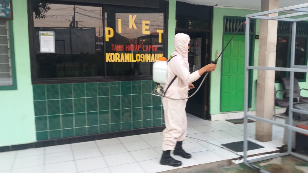 Lawan Corona, Pangkalan Koramil 09/Mauk Semprot Desinfektan
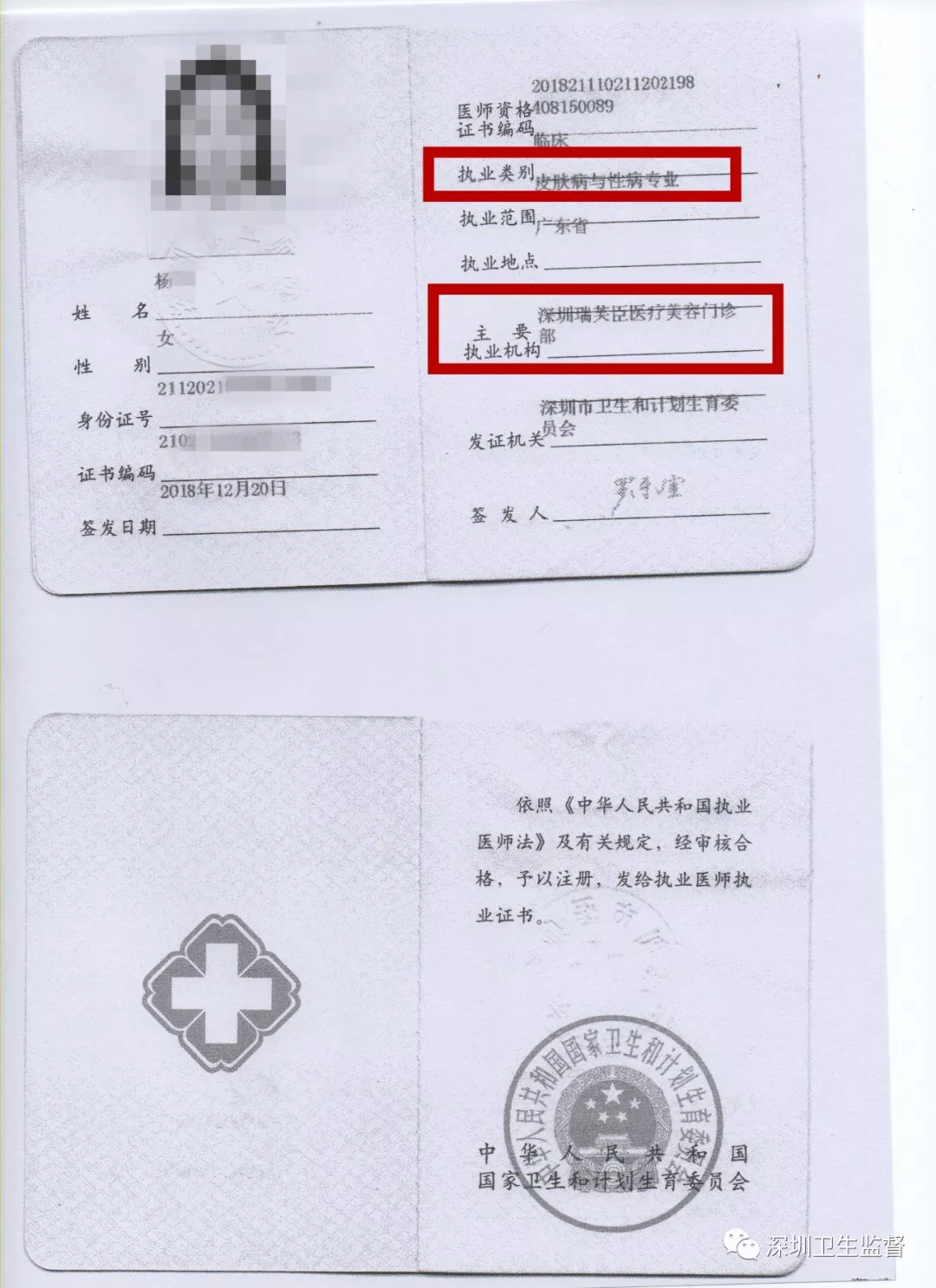皮膚科專業(yè)主診醫(yī)師相關(guān)證件
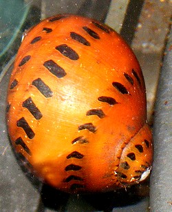 * Tudományos név : Neritina sp. * Magyar név: Hagymacsiga * Csoport: Gerinctelenek * Származás: Dél-Afrika * Testhossz: 4-5 cm * Természetes élőhely: Erdei és hegyi patakokban, ahol a kövekre rakódott algákat legelik. * Viselkedés: Békés, a halakat nem bántja. Csigaevő halakkal ne tartsuk. * Táplálkozás: Akváriumban algákat eszik, de adhatunk neki haleledelt, vagy más növényi eredetű táplálékot. * Szaporítás: Akváriumban nem szaporodik * Medence: Minimum 30 literes * Halnépesség: 30 literre 3-4 csiga * Dekoráció: Akváriumukat fedjük jól, mert kimászhatnak. A növényeket nem bántják. * Hőmérséklet: 22-26 °C * pH: 6-8,5 * Keménység: 7-20NK° Megjegyzés: A Hagymacsiga az egyik legszebb az édesvízi akváriumi csigák közül. Tartsuk kicsit lúgos vagy semleges, keményebb vízben, mert a savasabb vízben tönkremehet a háza. Mivel elsősorban algákat eszik, ezért olyan akváriumban érdemes tartani, ahol erős az algaképződés. Sajnos akváriumban nem volt még sikeres a szaporítása, egyben ez az előnye is, mert biztosan nem fog túlszaporodni medencéinkben. Néha édesvízben is rak le petéket, de ezek sohasem kelnek ki. Egyes beszámolók szerint brakk vízben szaporodik, de a kikelt peték nem éltek tovább néhány napnál. Az eredeti élőhelyén sok mészkő található, talán ez is szükséges a lárvák túléléséhez. Az adatok a diszhal.info honlapról származnak.
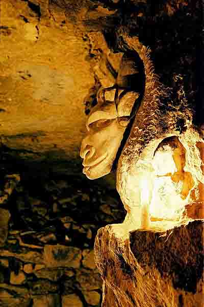 Bien que nous aurons l'occasion de revenir sur les légendes entourant ce lieu mystérieux à souhait, nous pouvons d'ores et déjà vous présenter quelques passages remarquables qui ne manquent pas d'étonner et d'éveiller notre curiosité empreinte de surnaturel et de paranormal. Vous remarquerez notamment, grâce aux images que nous vous proposons ici, des sculptures diaboliques (y aurait-il d'autres mots qui conviennent ?) qui prennent tout leur relief en ces bas fonds obscurs.
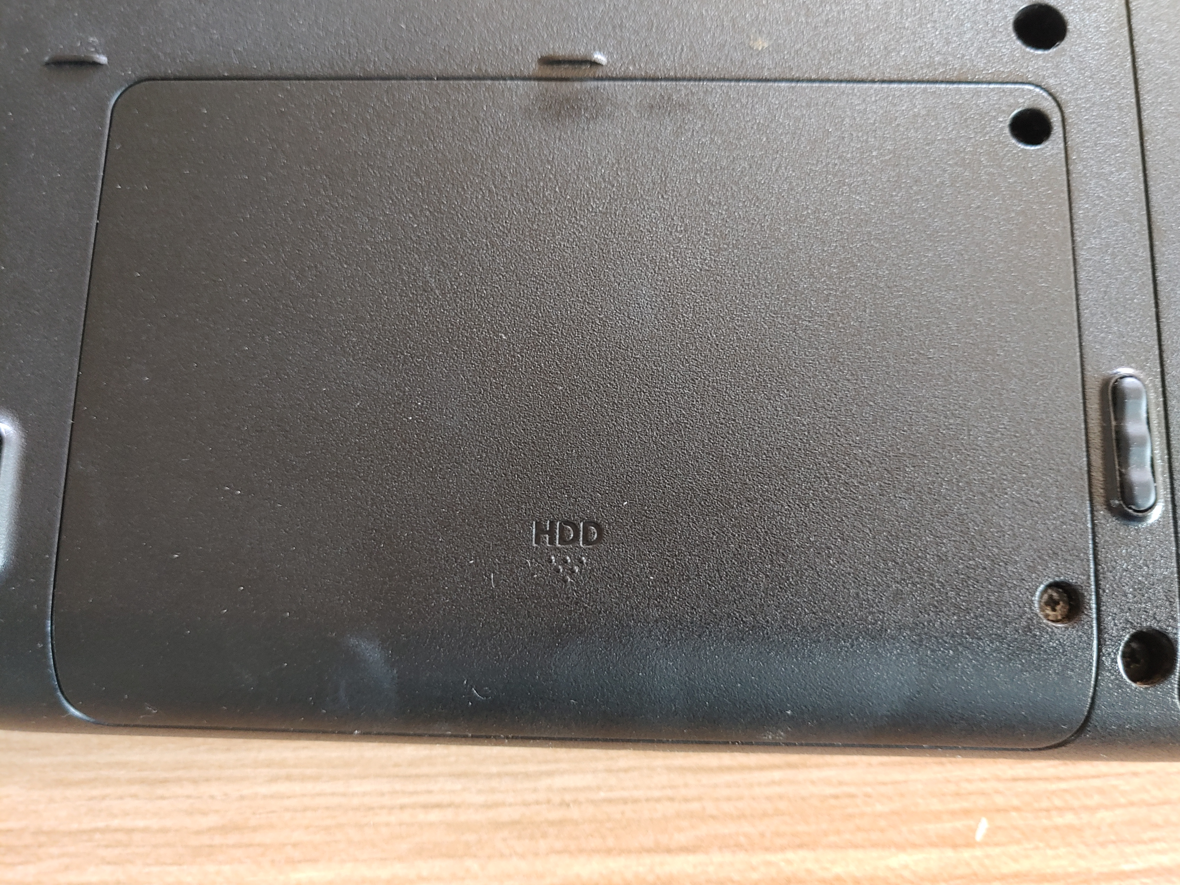 노트북 뒷면에 HDD라고 표시되어 있는 부분의 덮개를 나사를 풀어 열어줍니다.
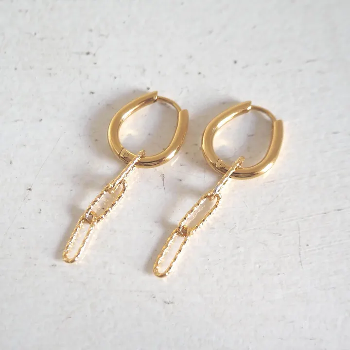 ピアス【Circle】ステンレスワンタッチフープ+太チェーン2wayピアス 活躍度の高いシンプルなデザイン×機能性 低アレルギーのステンレス素材を2wayでたのしめる 新たなピアスコレクション 低アレルギー素材として人気の高いステンレス素材のピアスが登場! 安心感ある淡水パールやチェーンのゆれ感、テクスチャーの輝きを織り交ぜて 日常の様々なシーンで活躍する万能で汎用性の高いデザインに シンプルなフォルムに着け外し可能なチャームをプラスした Oucaらしさをまとう新たなコレクションです ◆ POINT ◆ ・程よいボリュームのフープピアスに、取り外し可能なチェーンのチャームをプラスしたデザイン。 ・フープピアス本体、チェーン部分は全てゴールドカラーのメッキを施したステンレス素材。メッキはIPメッキ(イオンプレーティング)と呼ばれる密着性と耐久性に優れたコーティング加工を採用。 ・艶やかでなめらかなフープピアスは長さは17mmほどと耳元に上品に収まるサイズ。フープとポスト部分が一体化したワンタッチタイプは着用もスムーズで、わずかに縦長の緩やかなしずく型を描くニュアンスあるフォルムが魅力的。 ・チャームは大きなコマのデザインチェーンをチョイス。幅のあるチェーンでありながらも、弾けるようななきらめきを放つ線の細さが軽やかで視線を集めるアクセントに。 ・チェーンをプラスした軽やかで上品な揺れ感も、シンプルにフープピアスのみでの着用も、イメージを変えながらジュエリーライクな美しい輝きを気軽に手ごろに楽しめるのが魅力。 ・チャームは外して異なるデザインに下げたり、手持ちのピアスに下げたりと自由なアレンジが可能◎ ■ステンレスの特徴 ●耐久性と耐水性に優れる・・・傷つきにくく丈夫。水や汗に強く、錆びにくい。 ●変色・変質に強い・・・空気中の酸素や湿気による変色が起こりにくい。美しい輝きを長く楽しみやすい。 ●金属アレルギーに対応・・・医療現場でも使用される素材でアレルギー反応が起こりにくい。 ◎金属アレルギーは金属の成分が汗などの水分により溶け出した金属イオンが原因で発症するといわれています。ステンレスは薄い酸化膜で表面が覆われている素材で、この酸化膜により金属アレルギーを引き起こす金属イオンが溶け出しにくく、アレルギー反応が出にくいと言われています。 ※金属アレルギーが出にくい素材ですがすべての方に金属アレルギー反応が出ないこと(アレルギーフリー)を保証するものではありません。 ※皮膚に異常を感じた場合は直ちにご使用を中止し、専門医にご相談ください。 商品には専用のBOXが無料で付属しますので、ギフトにも最適です◎
● ● ● ● ●
Transcribe each line of the material above verbatim, but do not include the images.

WRITTEN REPLY:
 Lawan Corona, Pangkalan Koramil 09/Mauk Semprot Desinfektan
皮膚科專業(yè)主診醫(yī)師相關(guān)證件
 * Tudományos név : Neritina sp. * Magyar név: Hagymacsiga * Csoport: Gerinctelenek * Származás: Dél-Afrika * Testhossz: 4-5 cm * Természetes élőhely: Erdei és hegyi patakokban, ahol a kövekre rakódott algákat legelik. * Viselkedés: Békés, a halakat nem bántja. Csigaevő halakkal ne tartsuk. * Táplálkozás: Akváriumban algákat eszik, de adhatunk neki haleledelt, vagy más növényi eredetű táplálékot. * Szaporítás: Akváriumban nem szaporodik * Medence: Minimum 30 literes * Halnépesség: 30 literre 3-4 csiga * Dekoráció: Akváriumukat fedjük jól, mert kimászhatnak. A növényeket nem bántják. * Hőmérséklet: 22-26 °C * pH: 6-8,5 * Keménység: 7-20NK° Megjegyzés: A Hagymacsiga az egyik legszebb az édesvízi akváriumi csigák közül. Tartsuk kicsit lúgos vagy semleges, keményebb vízben, mert a savasabb vízben tönkremehet a háza. Mivel elsősorban algákat eszik, ezért olyan akváriumban érdemes tartani, ahol erős az algaképződés. Sajnos akváriumban nem volt még sikeres a szaporítása, egyben ez az előnye is, mert biztosan nem fog túlszaporodni medencéinkben. Néha édesvízben is rak le petéket, de ezek sohasem kelnek ki. Egyes beszámolók szerint brakk vízben szaporodik, de a kikelt peték nem éltek tovább néhány napnál. Az eredeti élőhelyén sok mészkő található, talán ez is szükséges a lárvák túléléséhez. Az adatok a diszhal.info honlapról származnak.
 Bien que nous aurons l'occasion de revenir sur les légendes entourant ce lieu mystérieux à souhait, nous pouvons d'ores et déjà vous présenter quelques passages remarquables qui ne manquent pas d'étonner et d'éveiller notre curiosité empreinte de surnaturel et de paranormal. Vous remarquerez notamment, grâce aux images que nous vous proposons ici, des sculptures diaboliques (y aurait-il d'autres mots qui conviennent ?) qui prennent tout leur relief en ces bas fonds obscurs.
 노트북 뒷면에 HDD라고 표시되어 있는 부분의 덮개를 나사를 풀어 열어줍니다.
 ピアス【Circle】ステンレスワンタッチフープ+太チェーン2wayピアス 活躍度の高いシンプルなデザイン×機能性 低アレルギーのステンレス素材を2wayでたのしめる 新たなピアスコレクション 低アレルギー素材として人気の高いステンレス素材のピアスが登場! 安心感ある淡水パールやチェーンのゆれ感、テクスチャーの輝きを織り交ぜて 日常の様々なシーンで活躍する万能で汎用性の高いデザインに シンプルなフォルムに着け外し可能なチャームをプラスした Oucaらしさをまとう新たなコレクションです ◆ POINT ◆ ・程よいボリュームのフープピアスに、取り外し可能なチェーンのチャームをプラスしたデザイン。 ・フープピアス本体、チェーン部分は全てゴールドカラーのメッキを施したステンレス素材。メッキはIPメッキ(イオンプレーティング)と呼ばれる密着性と耐久性に優れたコーティング加工を採用。 ・艶やかでなめらかなフープピアスは長さは17mmほどと耳元に上品に収まるサイズ。フープとポスト部分が一体化したワンタッチタイプは着用もスムーズで、わずかに縦長の緩やかなしずく型を描くニュアンスあるフォルムが魅力的。 ・チャームは大きなコマのデザインチェーンをチョイス。幅のあるチェーンでありながらも、弾けるようななきらめきを放つ線の細さが軽やかで視線を集めるアクセントに。 ・チェーンをプラスした軽やかで上品な揺れ感も、シンプルにフープピアスのみでの着用も、イメージを変えながらジュエリーライクな美しい輝きを気軽に手ごろに楽しめるのが魅力。 ・チャームは外して異なるデザインに下げたり、手持ちのピアスに下げたりと自由なアレンジが可能◎ ■ステンレスの特徴 ●耐久性と耐水性に優れる・・・傷つきにくく丈夫。水や汗に強く、錆びにくい。 ●変色・変質に強い・・・空気中の酸素や湿気による変色が起こりにくい。美しい輝きを長く楽しみやすい。 ●金属アレルギーに対応・・・医療現場でも使用される素材でアレルギー反応が起こりにくい。 ◎金属アレルギーは金属の成分が汗などの水分により溶け出した金属イオンが原因で発症するといわれています。ステンレスは薄い酸化膜で表面が覆われている素材で、この酸化膜により金属アレルギーを引き起こす金属イオンが溶け出しにくく、アレルギー反応が出にくいと言われています。 ※金属アレルギーが出にくい素材ですがすべての方に金属アレルギー反応が出ないこと(アレルギーフリー)を保証するものではありません。 ※皮膚に異常を感じた場合は直ちにご使用を中止し、専門医にご相談ください。 商品には専用のBOXが無料で付属しますので、ギフトにも最適です◎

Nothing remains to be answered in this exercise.